Using the Ideal Gas Law, $PV = nRT$ .

We can take the first scenario, with

$P = 1.03 atm$
$V = 2.20 L$
$R = 0.082057338 (atm L)/(mol K)$
$T = 320.15 K$ .

Which yields the following value for $n$ :

$n = (PV)/(RT) = (1.03 * 2.20)/(0.082057338 * 320.15)$

$n = 0.0862559 mol$

Using that value for $n$ on the latter situation, with

$P = 0.789 atm$
$T = 380.15K$ .

We get the following solution for $V$ :

$V = (nRT)/P = (0.0862559 * 0.082057338 * 380.15)/0.789$

$V = 3.4102357 L$

Using the 'combined gas law': $(P_1 V_1 )/ T_1 = (P_2 V_2) / T_2$ .

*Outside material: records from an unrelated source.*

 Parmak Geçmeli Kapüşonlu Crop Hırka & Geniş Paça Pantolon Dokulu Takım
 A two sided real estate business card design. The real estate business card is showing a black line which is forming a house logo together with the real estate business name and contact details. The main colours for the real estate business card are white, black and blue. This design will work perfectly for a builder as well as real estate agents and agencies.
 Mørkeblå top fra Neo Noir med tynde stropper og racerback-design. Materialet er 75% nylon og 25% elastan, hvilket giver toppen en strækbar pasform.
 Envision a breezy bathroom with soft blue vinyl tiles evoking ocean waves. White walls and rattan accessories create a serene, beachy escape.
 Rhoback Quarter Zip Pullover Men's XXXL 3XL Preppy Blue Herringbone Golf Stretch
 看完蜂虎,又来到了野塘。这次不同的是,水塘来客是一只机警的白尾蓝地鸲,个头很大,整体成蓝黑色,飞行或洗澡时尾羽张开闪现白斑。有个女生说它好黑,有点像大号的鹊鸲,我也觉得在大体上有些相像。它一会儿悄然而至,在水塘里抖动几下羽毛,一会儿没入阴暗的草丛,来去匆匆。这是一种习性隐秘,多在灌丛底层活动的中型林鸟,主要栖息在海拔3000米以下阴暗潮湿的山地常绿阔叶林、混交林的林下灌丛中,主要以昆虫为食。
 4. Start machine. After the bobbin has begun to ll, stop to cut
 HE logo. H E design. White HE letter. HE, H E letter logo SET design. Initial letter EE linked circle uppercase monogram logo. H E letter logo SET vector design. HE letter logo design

We can just plug in the values straight away!

$V_2 = (P_1 V_1)/(T_1) * (T_2)/(P_2)$

$V_2 = (1.03 * 2.20)/(320.15) * (380.15)/(0.789)$

Which, allegedly equals,

$V_2 = 3.4102357 L$ , which is as we expected.

I would say the latter method is much faster, however, it's not as 'general' as the Ideal Gas Law.